Le temps qui passe est un traînard, le temps passé est trop pressé (Michel Conte)  

D'une guerre à l'autre

Jarville subit à nouveau les affres de la longue guerre de 1939-1945 et le cortège habituel de réquisitions en tout genre : vivres, chevaux, matériels, véhicules. On procéda aux creusements de tranchées, à l'agencement des abris. Les caves des écoles furent dotées de trappes…

Vint l'action des F.F.I. qui prirent part à la libération de la cité en 1944. Un poste d'observation allemand était installé sur un des crassiers.
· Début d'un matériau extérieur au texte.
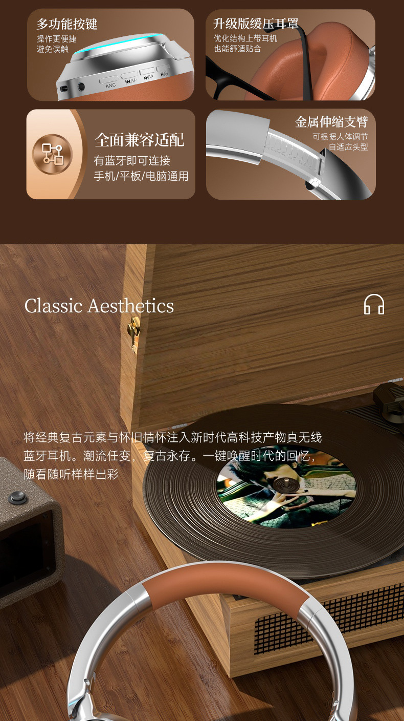 레트로 ANC 활성 소음 감소 헤드셋 무선 블루투스 헤드셋 헤드셋 헤비 베이스 제어 가능한 빛 핫 세일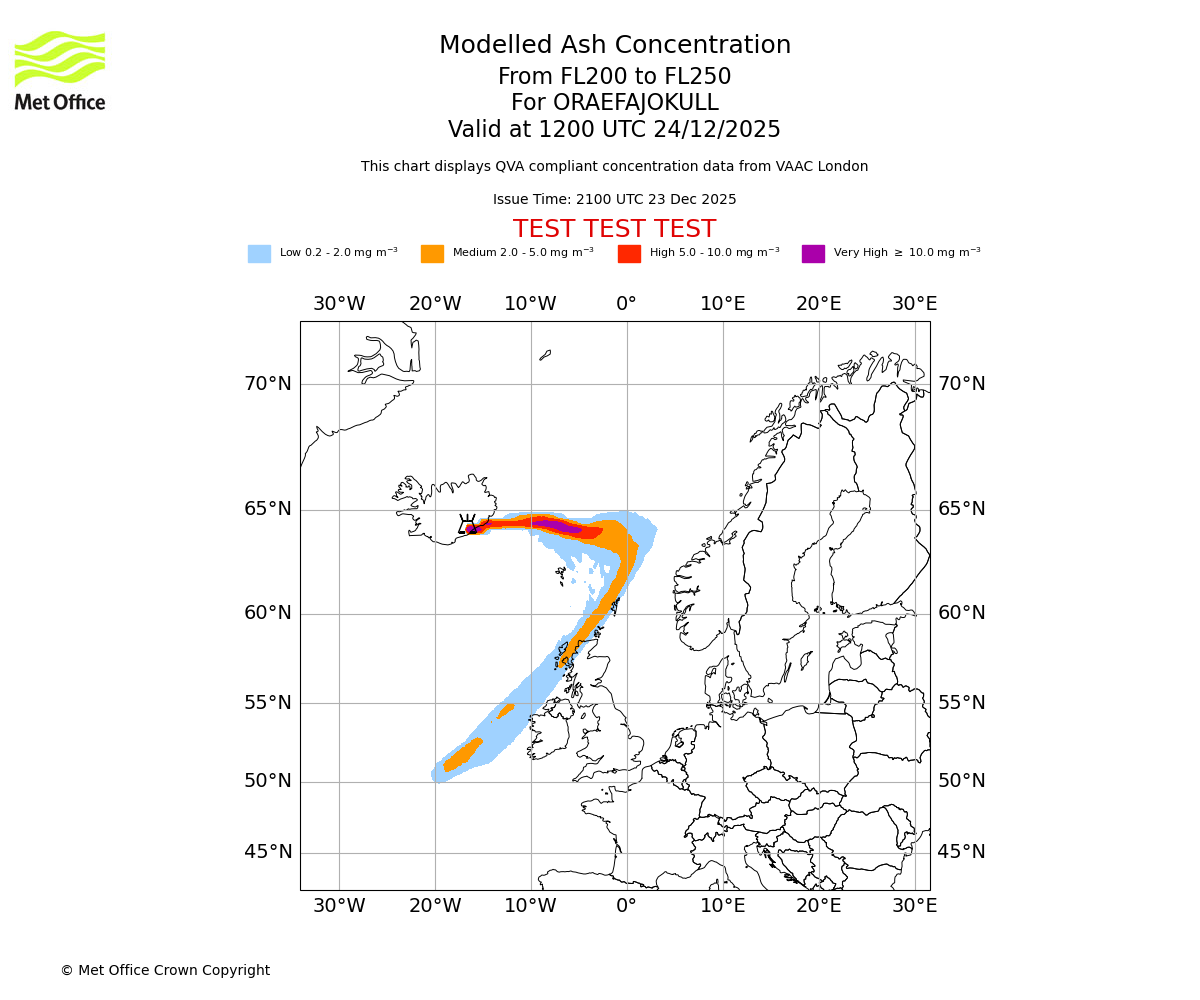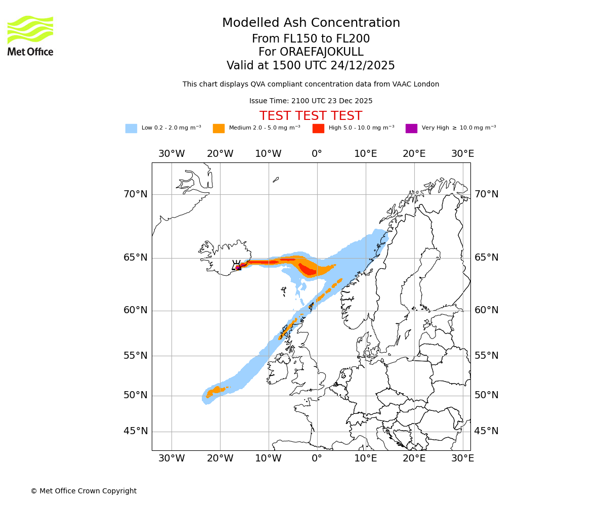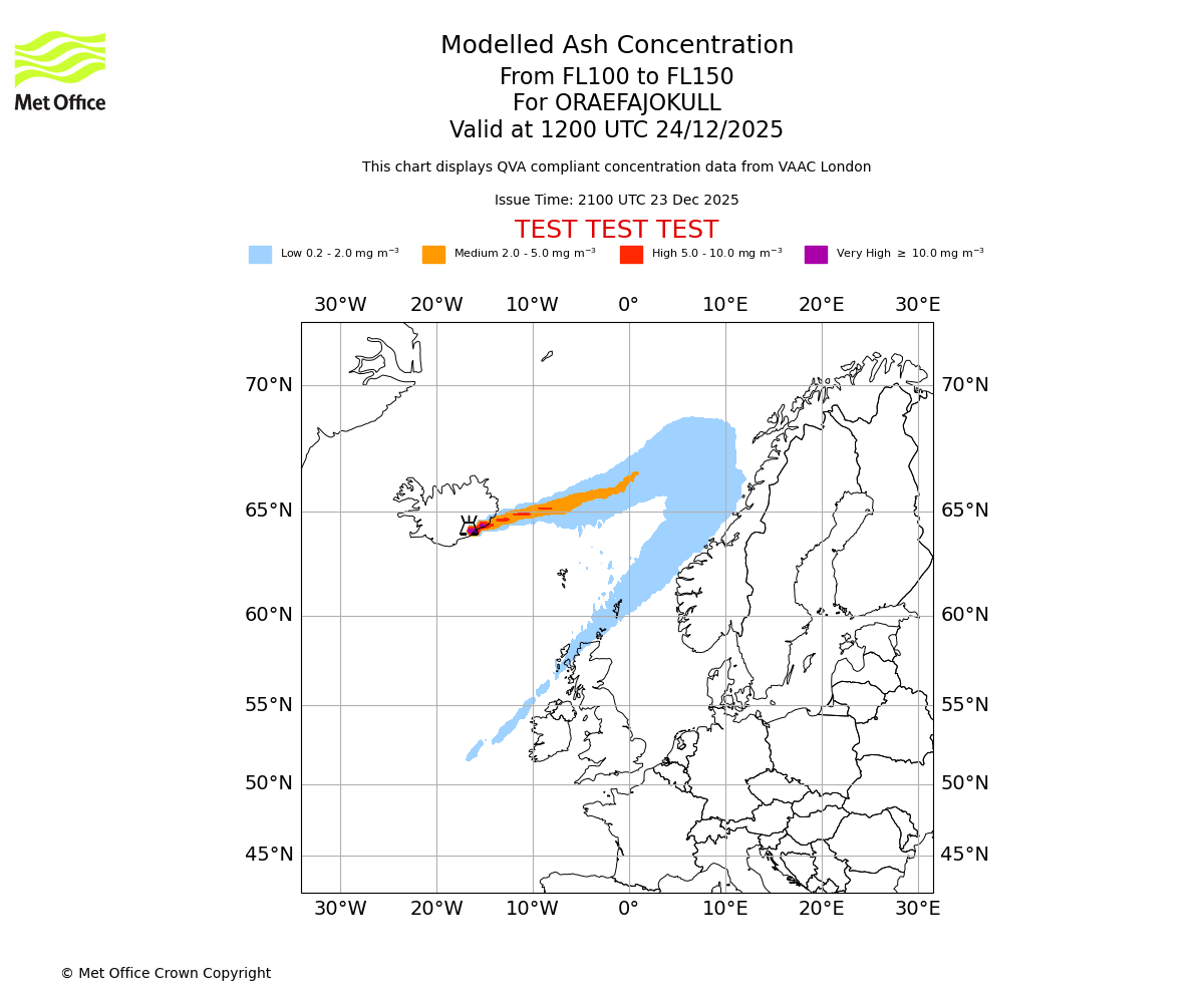 Modelled ash concentration from 150 to 200 for ORAEFAJOKULL. Valid at 1200 UTC 24/12/2025

Grâce aux indications apportées par des jarvillois qui se portèrent devant des américains, le poste fut aussitôt anéanti.

Le soir du 15 septembre, chants et danses marquèrent l'explosion de joie.

Pour le dernier Noël de guerre, le 24 décembre 1944, "La Croix de l'Est" publiait un petit poème dont l'auteur était signalé sous le pseudonyme "Marie Joseph de Jarville".

Noël des sinistrés.

Vous tous qui fléchissez sous l'amère souffrance,

Qui n'avez plus de gîte et qui manquez de pain,

Accourez à Jésus : c'est la sainte espérance,

Pour mieux vous accueillir, il tend ses bras divins !

…….

Venez chers sinistrés, offrez votre souffrance ;

Chantez votre Noël près du royal berceau !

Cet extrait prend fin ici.